* WORK REQUIRED *
Pictures in the entries below are excluded; copy only the lines from the one containing "Handcrafted Golden Color" to the one containing "管理员用户管理模块:主页,个", both included.

* STORED DATA *
• • •

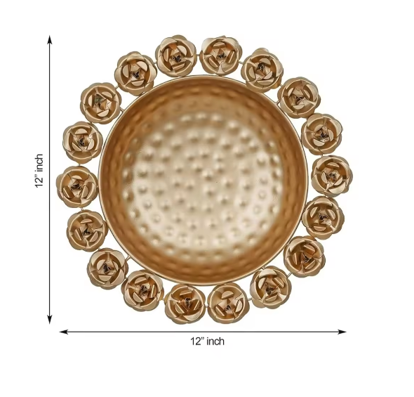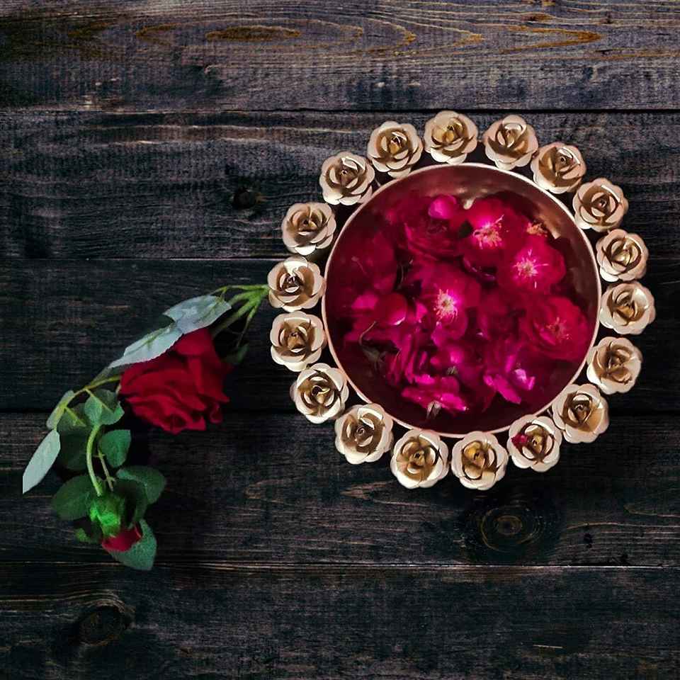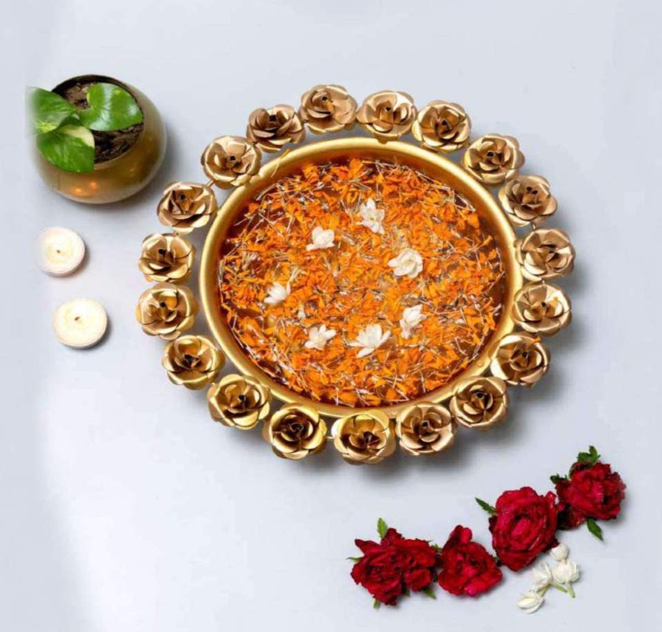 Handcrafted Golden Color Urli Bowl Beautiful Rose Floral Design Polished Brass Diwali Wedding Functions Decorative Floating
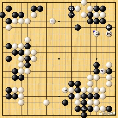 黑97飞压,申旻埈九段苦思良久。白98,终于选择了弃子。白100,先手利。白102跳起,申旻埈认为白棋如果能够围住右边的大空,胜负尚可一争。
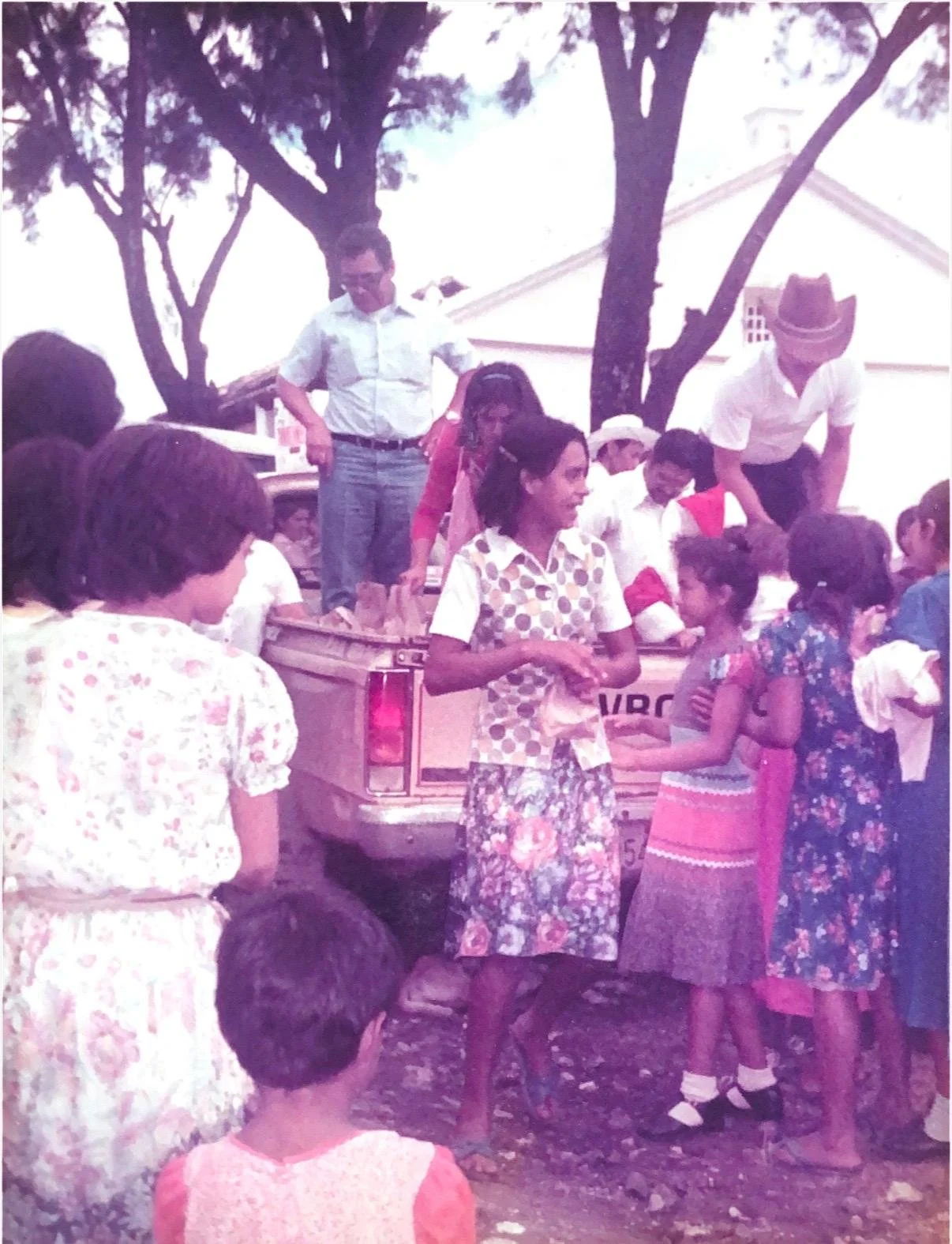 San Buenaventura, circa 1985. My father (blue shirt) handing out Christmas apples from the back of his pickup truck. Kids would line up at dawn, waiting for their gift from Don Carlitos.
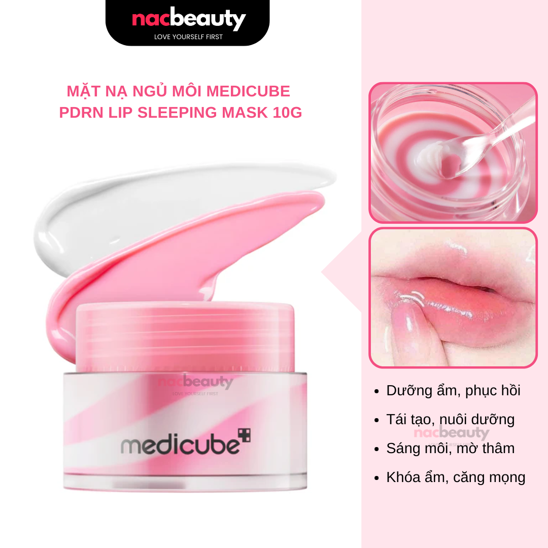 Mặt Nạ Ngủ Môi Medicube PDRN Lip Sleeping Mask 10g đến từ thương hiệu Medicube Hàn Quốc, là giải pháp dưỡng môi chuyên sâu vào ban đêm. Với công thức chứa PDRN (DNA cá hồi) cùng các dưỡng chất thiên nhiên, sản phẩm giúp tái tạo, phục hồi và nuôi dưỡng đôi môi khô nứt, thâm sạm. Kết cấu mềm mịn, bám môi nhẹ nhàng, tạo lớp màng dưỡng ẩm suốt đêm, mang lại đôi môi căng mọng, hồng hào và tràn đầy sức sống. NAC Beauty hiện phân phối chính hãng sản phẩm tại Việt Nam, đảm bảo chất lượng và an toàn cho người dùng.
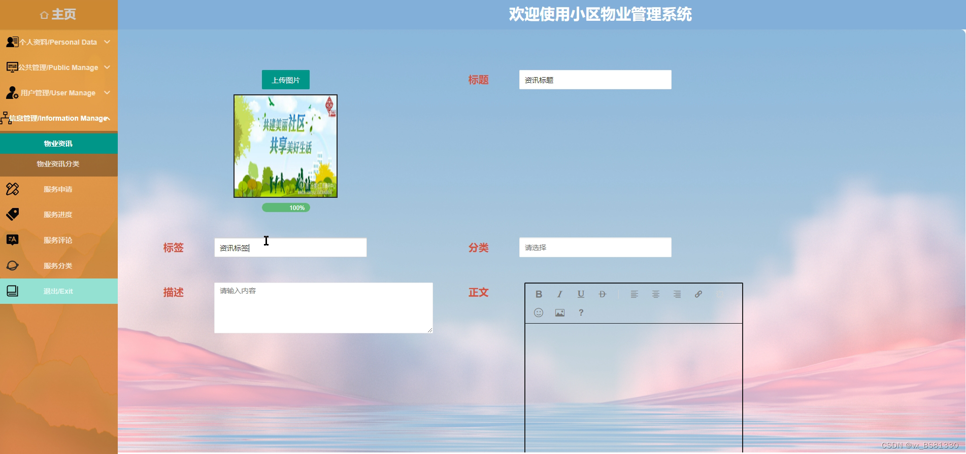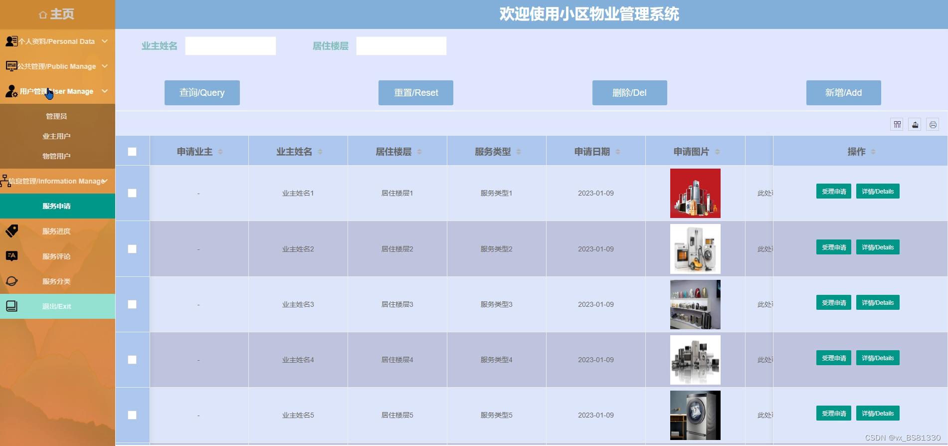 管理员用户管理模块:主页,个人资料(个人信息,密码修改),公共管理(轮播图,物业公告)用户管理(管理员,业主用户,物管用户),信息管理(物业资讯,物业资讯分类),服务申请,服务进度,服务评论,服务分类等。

• • •

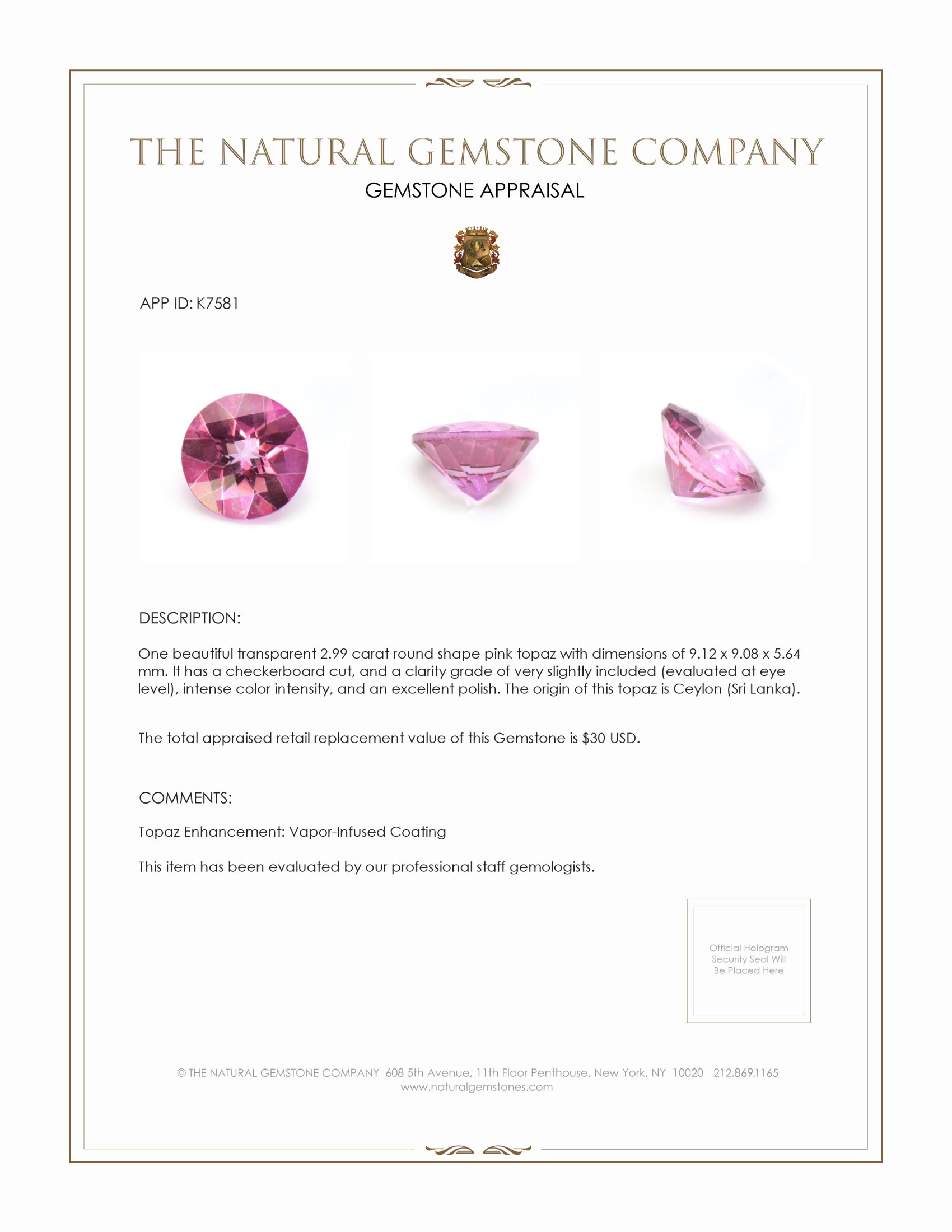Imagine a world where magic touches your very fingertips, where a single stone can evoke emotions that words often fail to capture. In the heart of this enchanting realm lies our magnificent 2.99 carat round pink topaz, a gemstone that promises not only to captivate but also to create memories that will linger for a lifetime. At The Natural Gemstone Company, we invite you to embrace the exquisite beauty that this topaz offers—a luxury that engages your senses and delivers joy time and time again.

• • •

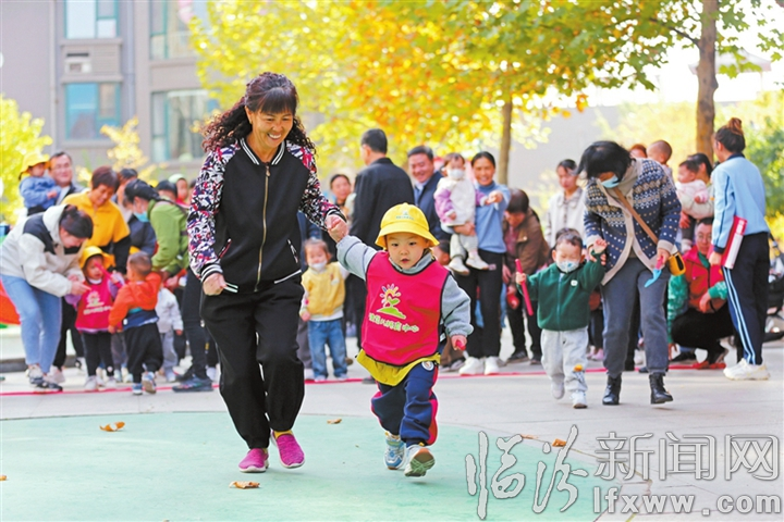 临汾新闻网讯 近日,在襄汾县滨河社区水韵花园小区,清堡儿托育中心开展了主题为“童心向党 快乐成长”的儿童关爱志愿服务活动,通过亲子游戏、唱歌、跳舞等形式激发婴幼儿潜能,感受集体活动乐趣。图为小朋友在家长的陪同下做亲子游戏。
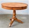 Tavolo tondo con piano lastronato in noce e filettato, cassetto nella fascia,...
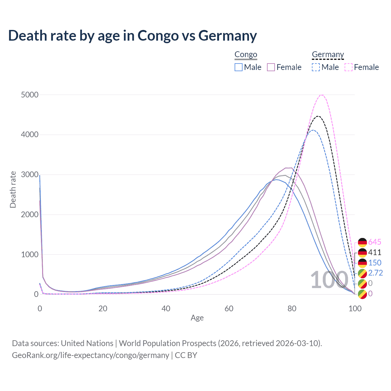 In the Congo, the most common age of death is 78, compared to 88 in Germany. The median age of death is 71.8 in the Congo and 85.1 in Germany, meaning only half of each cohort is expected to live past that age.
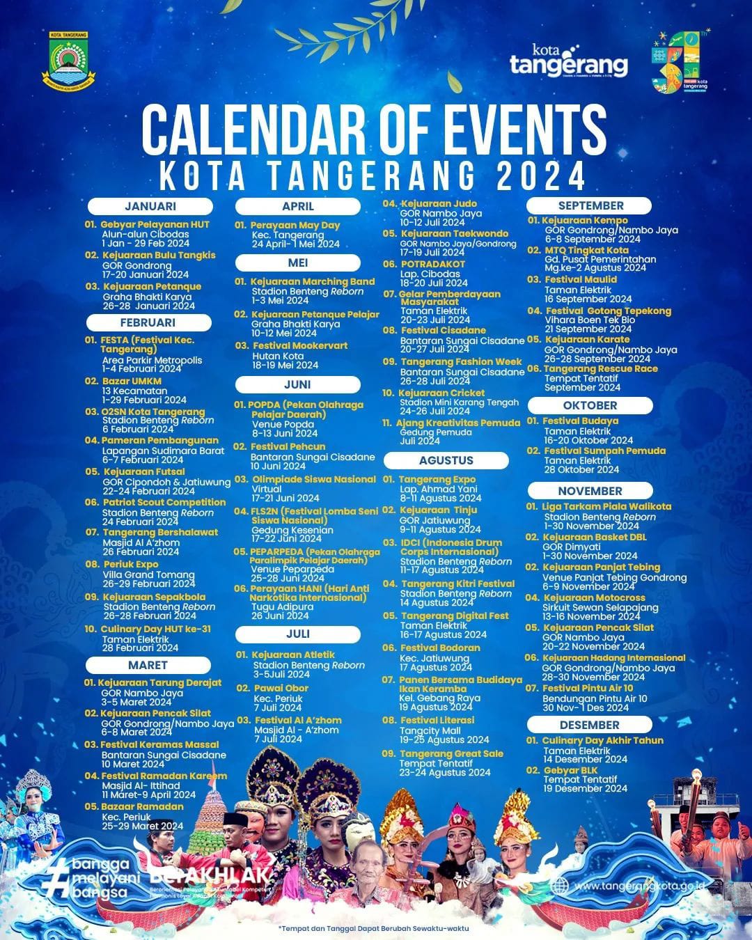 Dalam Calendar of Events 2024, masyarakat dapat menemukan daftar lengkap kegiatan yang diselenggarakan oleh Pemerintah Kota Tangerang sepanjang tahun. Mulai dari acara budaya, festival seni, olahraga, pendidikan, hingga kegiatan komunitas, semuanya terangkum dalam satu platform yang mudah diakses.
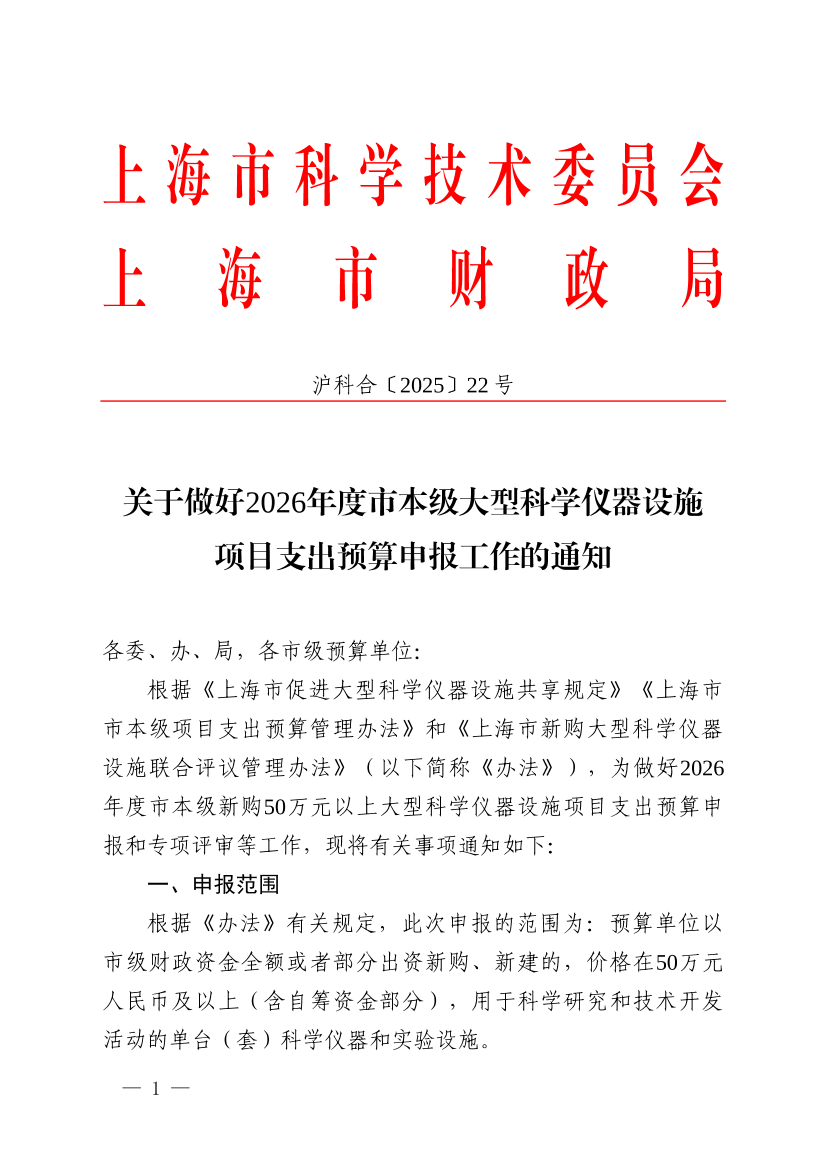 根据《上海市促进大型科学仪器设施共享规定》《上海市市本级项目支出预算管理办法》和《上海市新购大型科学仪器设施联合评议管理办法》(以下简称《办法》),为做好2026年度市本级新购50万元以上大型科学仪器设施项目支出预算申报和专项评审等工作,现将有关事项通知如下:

• • •

* EXERCISE RESPONSE *
 Handcrafted Golden Color Urli Bowl Beautiful Rose Floral Design Polished Brass Diwali Wedding Functions Decorative Floating
 黑97飞压,申旻埈九段苦思良久。白98,终于选择了弃子。白100,先手利。白102跳起,申旻埈认为白棋如果能够围住右边的大空,胜负尚可一争。
 San Buenaventura, circa 1985. My father (blue shirt) handing out Christmas apples from the back of his pickup truck. Kids would line up at dawn, waiting for their gift from Don Carlitos.
 Mặt Nạ Ngủ Môi Medicube PDRN Lip Sleeping Mask 10g đến từ thương hiệu Medicube Hàn Quốc, là giải pháp dưỡng môi chuyên sâu vào ban đêm. Với công thức chứa PDRN (DNA cá hồi) cùng các dưỡng chất thiên nhiên, sản phẩm giúp tái tạo, phục hồi và nuôi dưỡng đôi môi khô nứt, thâm sạm. Kết cấu mềm mịn, bám môi nhẹ nhàng, tạo lớp màng dưỡng ẩm suốt đêm, mang lại đôi môi căng mọng, hồng hào và tràn đầy sức sống. NAC Beauty hiện phân phối chính hãng sản phẩm tại Việt Nam, đảm bảo chất lượng và an toàn cho người dùng.
 管理员用户管理模块:主页,个人资料(个人信息,密码修改),公共管理(轮播图,物业公告)用户管理(管理员,业主用户,物管用户),信息管理(物业资讯,物业资讯分类),服务申请,服务进度,服务评论,服务分类等。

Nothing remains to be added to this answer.